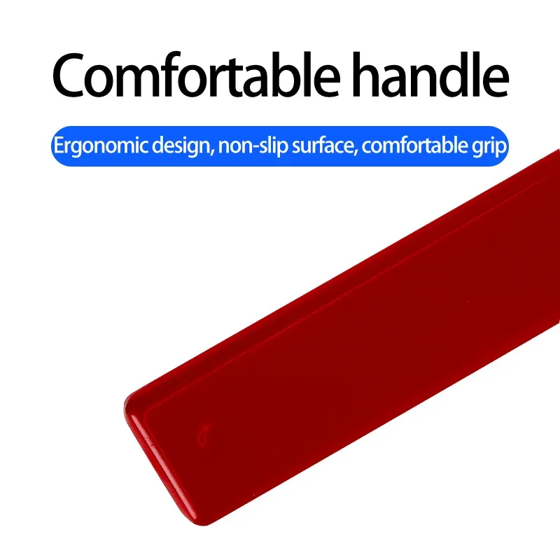 - Vibrant red lower handle adds aesthetic contrast and grip.
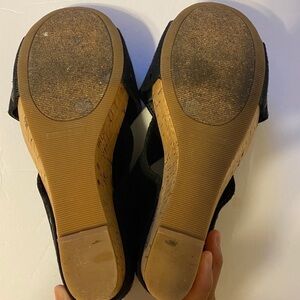 Lucky Brand Miller 2 Cork Wedge Platform Black Linen Strap Sandals 8.5. Slip on, criss-cross linen elastic strap, black side rivet details, fabric upper, cork/rubber sole. Approximate 4" heel with 1.5" platform. Great condition!
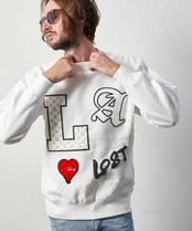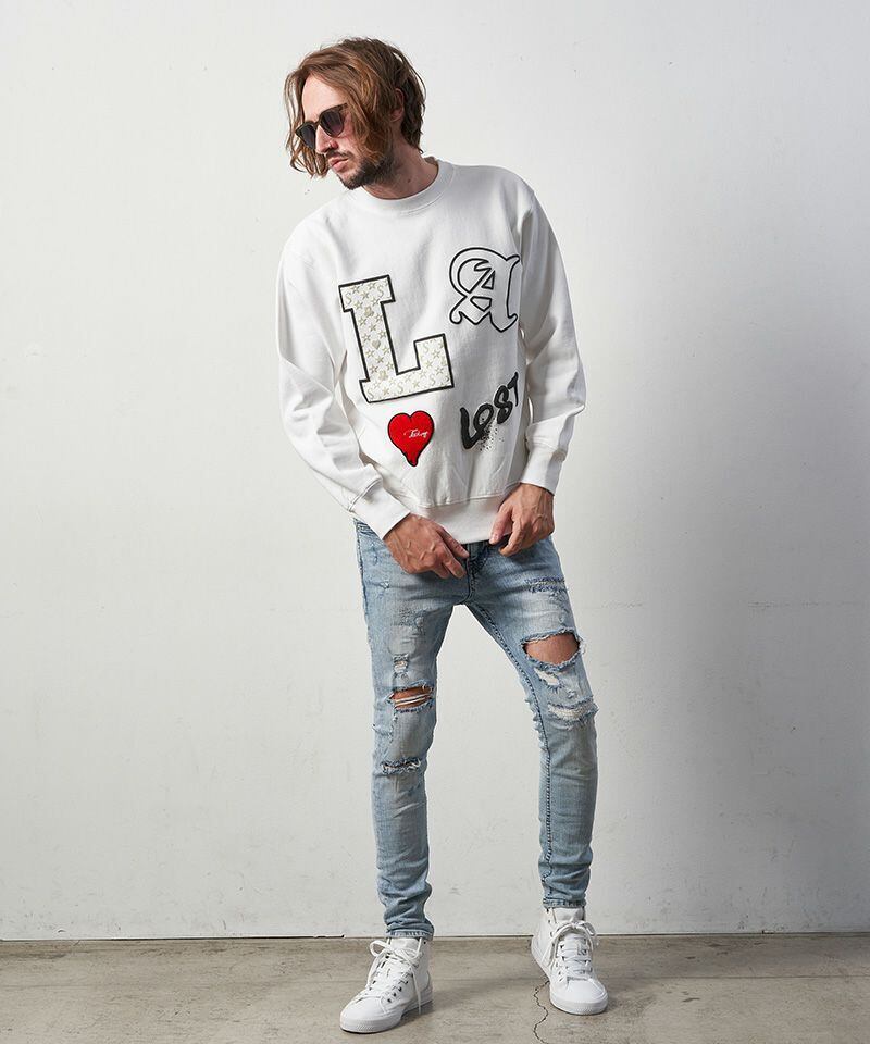 【STUD MUFFIN(スタッドマフィン) 12ozヘビーウエイト裏毛起毛 LAフォームプリント-サガラパッチスエットシャツ(314-02543) ホワイト
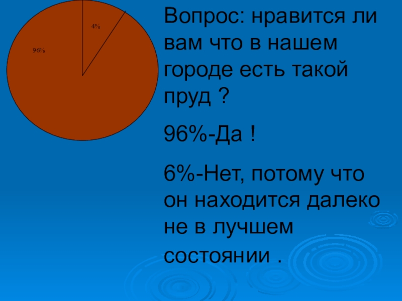 Слайд 13Вопрос: нравится ли вам что в нашем городе есть такой пруд
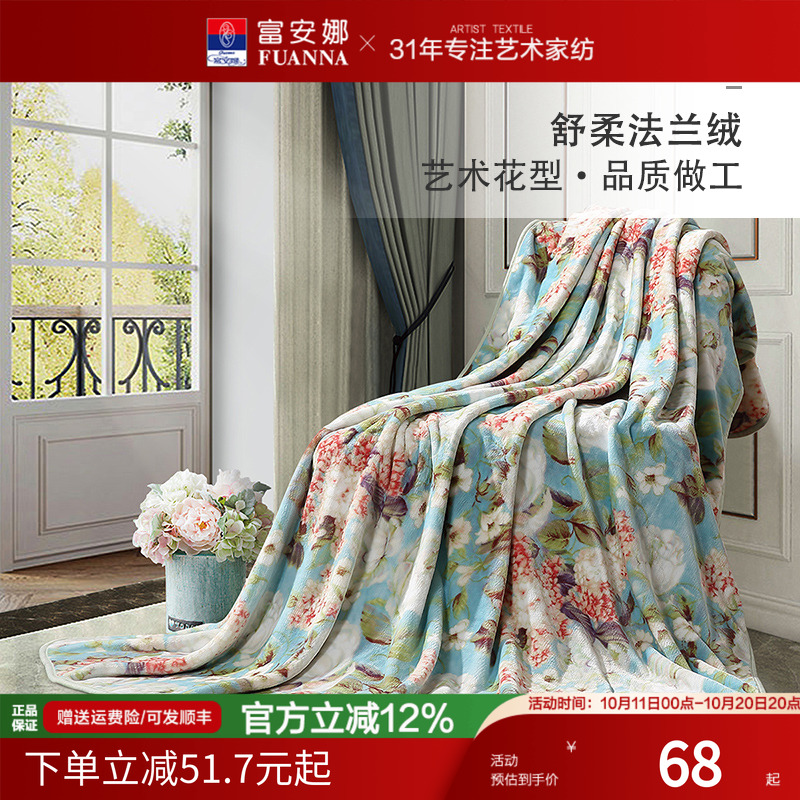 富安娜珊瑚绒法兰绒毛毯被午睡盖毯沙发毛巾盖被保暖空调毯床单
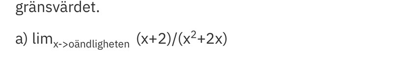 (1)/(x+2) . Jag kan välja att dividera alla uttryck med x för att jag tycker att det blir enklare att se att gränsvärdet går mot 0.
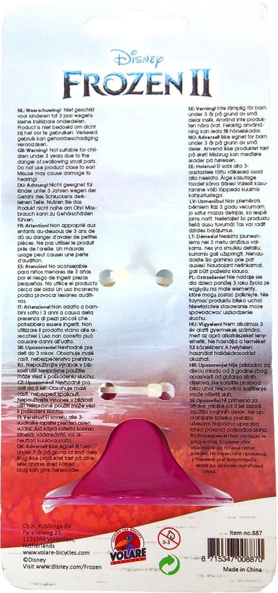 Type fiets: kinderfiets Soort artikel: Fietstoeter Materiaal : PP en metaal Montage: 100% afgemonteerd Kleur: lichtblauw/paars/roze Leeftijd: 3 – 12 jaar Licentie: Disney Frozen 2 Netto gewicht (kg): 1,0 Bruto gewicht (kg): 2,0 Doos afmeting (lxbxh): 44,0 x 39,0 x 43,0 cm
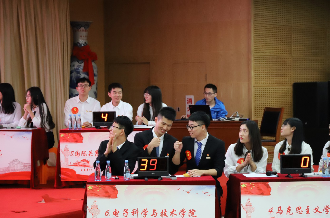 成绩的取得,与队员们扎扎实实地学习密不可分,与学院党委切实加强学习型党组织建设密不可分。为深入贯彻落实习近平总书记关于加强学习、建设学习大国重要指示精神,电子科学与技术学院党委从今年5月开始,在全院师生党员中间开展“好好学‘习’、天天充‘电’”活动,教育引导广大党员求学问、练本领、长才干,坚定理论信念,认真干事创业,形成了浓厚的学习氛围,涌现出一批热爱学习的支部和党员。参加本次知识竞赛的“芯”青年代表队三名队员都是“学习充电”活动中的学习达人。在积极备赛的过程中,学院党委书记吴国瑛、副书记方银水、辅导员刘锦锗、林燕红等多次给予指导,共同学习,充分展现了全院上下的崇尚学习、加强学习新风貌、新态势。
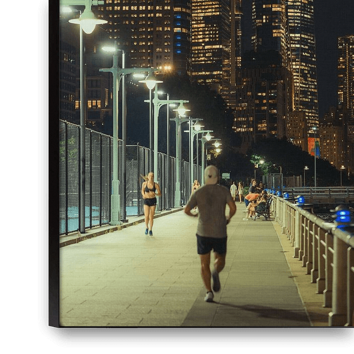 Achetez cette photo Coureur nocturne sur l'Hudson : Manhattan en lumière par NZME Photography sur toile, aluminium, ArtFrame ou photographie (encadrée), impression d'art en haute qualité et tout format.
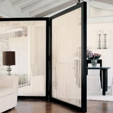 Screen Adone from the Italian manufacturer Porado. Screen room divider by designer O. moon. The ivory cloth covered wooden frame. The ash wenge finish and shiny varnish.

────────────────

*Work required:* Return nothing but the lines running from the start of the data to the line with "Achetez cette photo", please, both ends included and no pictures.

*Answer section:*
 - Vibrant red lower handle adds aesthetic contrast and grip.
 Lucky Brand Miller 2 Cork Wedge Platform Black Linen Strap Sandals 8.5. Slip on, criss-cross linen elastic strap, black side rivet details, fabric upper, cork/rubber sole. Approximate 4" heel with 1.5" platform. Great condition!
 【STUD MUFFIN(スタッドマフィン) 12ozヘビーウエイト裏毛起毛 LAフォームプリント-サガラパッチスエットシャツ(314-02543) ホワイト
 Слайд 13Вопрос: нравится ли вам что в нашем городе есть такой пруд
 富安娜珊瑚绒法兰绒毛毯被午睡盖毯沙发毛巾盖被保暖空调毯床单
 (1)/(x+2) . Jag kan välja att dividera alla uttryck med x för att jag tycker att det blir enklare att se att gränsvärdet går mot 0.
 Type fiets: kinderfiets Soort artikel: Fietstoeter Materiaal : PP en metaal Montage: 100% afgemonteerd Kleur: lichtblauw/paars/roze Leeftijd: 3 – 12 jaar Licentie: Disney Frozen 2 Netto gewicht (kg): 1,0 Bruto gewicht (kg): 2,0 Doos afmeting (lxbxh): 44,0 x 39,0 x 43,0 cm
 成绩的取得,与队员们扎扎实实地学习密不可分,与学院党委切实加强学习型党组织建设密不可分。为深入贯彻落实习近平总书记关于加强学习、建设学习大国重要指示精神,电子科学与技术学院党委从今年5月开始,在全院师生党员中间开展“好好学‘习’、天天充‘电’”活动,教育引导广大党员求学问、练本领、长才干,坚定理论信念,认真干事创业,形成了浓厚的学习氛围,涌现出一批热爱学习的支部和党员。参加本次知识竞赛的“芯”青年代表队三名队员都是“学习充电”活动中的学习达人。在积极备赛的过程中,学院党委书记吴国瑛、副书记方银水、辅导员刘锦锗、林燕红等多次给予指导,共同学习,充分展现了全院上下的崇尚学习、加强学习新风貌、新态势。
 Achetez cette photo Coureur nocturne sur l'Hudson : Manhattan en lumière par NZME Photography sur toile, aluminium, ArtFrame ou photographie (encadrée), impression d'art en haute qualité et tout format.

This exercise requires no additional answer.